Chapter 4
Speed and time
Exercise
1) The following motions are classified as simple linear, reciprocating or oscillatory motion.
A) The speed of your hand at a distance.
Answer: Oscillation speed.
b) It is the speed of the bagi tow on the road.
Answer: Simple linear.
C) The speed of the child standing up on the Merry-go-Round.
Answer: Circular.
D) The position of the child standing on the see-saw is its speed.
Answer: Oscillation speed.
(e) Speed of electric clock hands.
Answer: Oscillation speed.
f) Now the speed of Pon Dalanga train.
Answer: Simple linear motion.
2) Which of the following statements is not true?
a) Fundamental unit of time
Answer: Pure.
b) Every object moves faster.
Answer: Pure.
c) The distance between two faces is measured in kilometers.
Answer: Pure.
d) It is not constant given the period of the oscillator.
Answer: Impure.
e) Now train speed is expressed in m/h.
Answer: Pure.
3) It swings 20 times in simple swing and takes 32 seconds. Determine the period of the oscillator.

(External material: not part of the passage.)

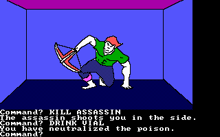 To no surprise the parser can’t compete with Infocom’s at the time, but man oh man there are almost no synonyms implemented. There will be several times you are on the right track but you can’t guess the correct verb. Sometimes “use” is the correct choice while most of the time its more specific. Also frustrating is the inability to just look at the room you’re in; if you want to read the sparse description you need to exit and come back (which is not always possible).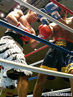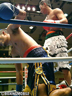 試合:両者探り合いの1R。澤永は徹底したボディ狙いだが手数が少ない。対するサウスポーのサクナロン、澤永のボディ攻めをバックステップで捌き、飛び込んでの左ストレートを放つが、こちらも後が続かない。あくまでボディ狙いの澤永は3R、ロープにサクナロンを追い込むとボディ連打でサクナロンはダウン。が、立ち上がるサクナロンに澤永、ラッシュを仕掛けられず逃げられてしまう。4R、逃げるサクナロンを今度はコーナーで捕まえようやく上下に連打。最後はボディにまとめサクナロン2度目のダウン。レフェリーがカウントを数えるが立ち上がる気配なし。そのまま10カウントで澤永がKO勝ちを収めた。

Answer: It takes 32 seconds to swing 20 times.
The period of oscillation is - 32
= 1.6 seconds.
4) The distance between the two shrines is 240 km. Now the train takes 4 hours to cover this distance. Determine the speed of the train.
Answer : Given
Distance between the two stations = 240 km.
Time = 4 hours
I know, speed = distance/time.
This gives the speed = 240/4 km/h.
= 60 km/h.
5) Looking at the time before 08.30 hrs the clock now shows the distance of 57321.0 km. If before 08.50 the reading of distance meter changes to 57336.0 km. Determine the distance traveled by the tent car. Display the speed of the car in km/h units within this time.
Answer : Given
Od'meter original reading = 57321.0 km. Odometer's last reading = 57336.0 km.
Early reading of clock = 08:30 AM
Last reading of clock = 08:50 AM
Etiya, Muth Distance = (57336.0 –57321.0) km. = 15.0 km.
Minutes = (08.50 – 08.30) minutes = 20 minutes
This determines the speed = 15/20 km/min.
= 0.75 km/min
1 hour = 60 minutes
Speed in km/h = 0.75 x 60 = 45 km/h.
6) It takes 15 minutes to go to school from Chalmai Chaikelere house. If the speed of Chaikkelkhan is 2 m./s. Yes, the distance from the house to the school is determined.
Answer : Given
Speed per cycle = 2 m. / is
Time = 15 minutes
= 15 x 60,
= 900 ch
Distance covered = speed x time
= 2 m. / sq., x 900 sq.,
= 1800 m.
Distance from Chalma house to school = 1.800 km.
7) Observe the shape of the speed distance-time graph for the conditions mentioned below-
(a) The car is now moving at constant speed
(b) The road is now occupied by cars
8) Which of the following relations is pure?